Los muros de Jericó (21 page)

Lo cierto es que se zambulló como había aprendido a hacer de niña desde las barcas en el Mediterráneo cuando su padre era cónsul de Tolosa en Barcelona. Sintió que entraba en un mar caliente y que los tules de su querido vestido y su antes brillante cabellera negra se convertían en luz y en calor, mucho calor.

—Y no nos dejes caer…

Continuaba sintiendo la paz.

Del impacto en el centro de las brasas del fuego se levantaron innumerables pavesas que, brillantes, se elevaron con el aire caliente hacia el alba.

Pero que no llegaron a las distantes y frías estrellas que contemplaban, indiferentes, su fin.

Karen despertó de su visión. Estaba allí, en su cama, en su apartamento de Los Ángeles. Sentía el calor agradable de las sábanas. La pesadilla había llegado a su fin.

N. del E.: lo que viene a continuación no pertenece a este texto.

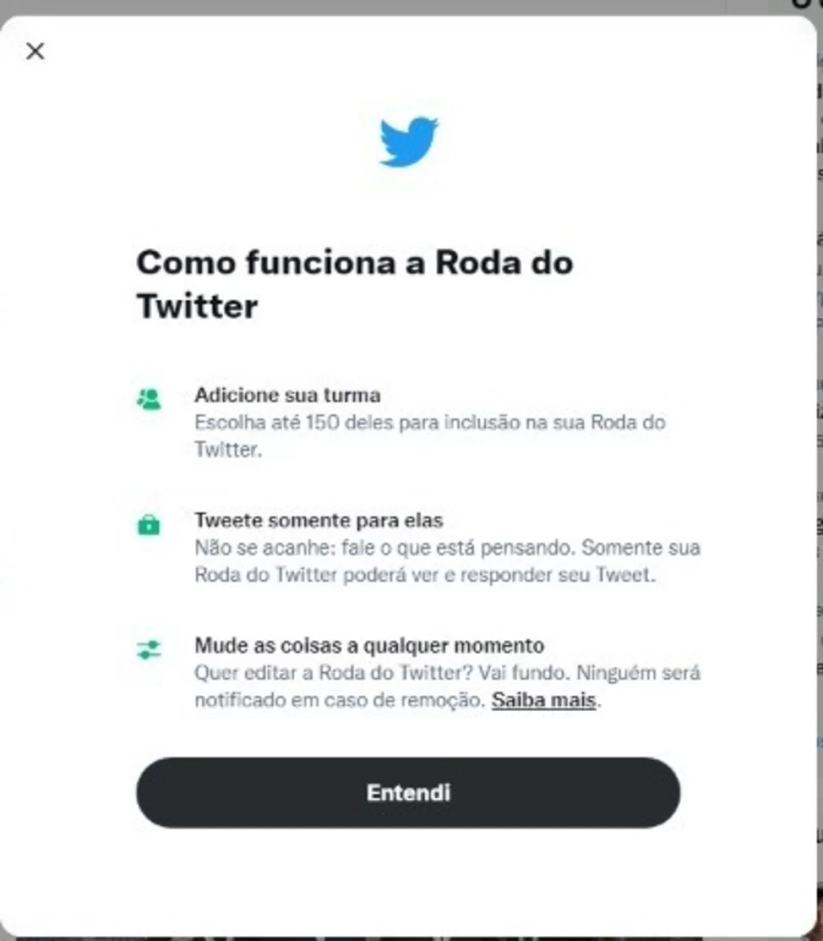 O Twitter liberou, na terça-feira (30), o recurso "Roda" para todos os usuários. A funcionalidade permite escolher até 150 pessoas para visualizar tuítes exclusivos. A opção é parecida com a 'Melhores Amigos' do Instagram e estava em fase de teste desde maio do ano passado.

Lo que tanto había anhelado y tanto había pretendido forzar en las ceremonias frente al tapiz cátaro acababa de ocurrir ahora espontáneamente en pleno sueño. Intentó fijar las imágenes y las emociones en su memoria. Pero ¿cómo olvidarlo? Había logrado desbloquear su memoria y avanzar hasta el final de su ciclo. Y ahora, superados el dolor y la angustia, el sentimiento era profundo y hermoso. ¡Qué terrible historia! Pero ¡qué bella! Jamás olvidaría aquellos momentos vividos. ¿Vividos cuándo? ¿Hacía segundos o siglos?

Tendió sus brazos, aún con las imágenes de su ensoñación en los párpados. Buscaba a alguien pero no encontró a nadie. Sólo el vacío. Le faltaba el calor de otro cuerpo, el calor de Jaime.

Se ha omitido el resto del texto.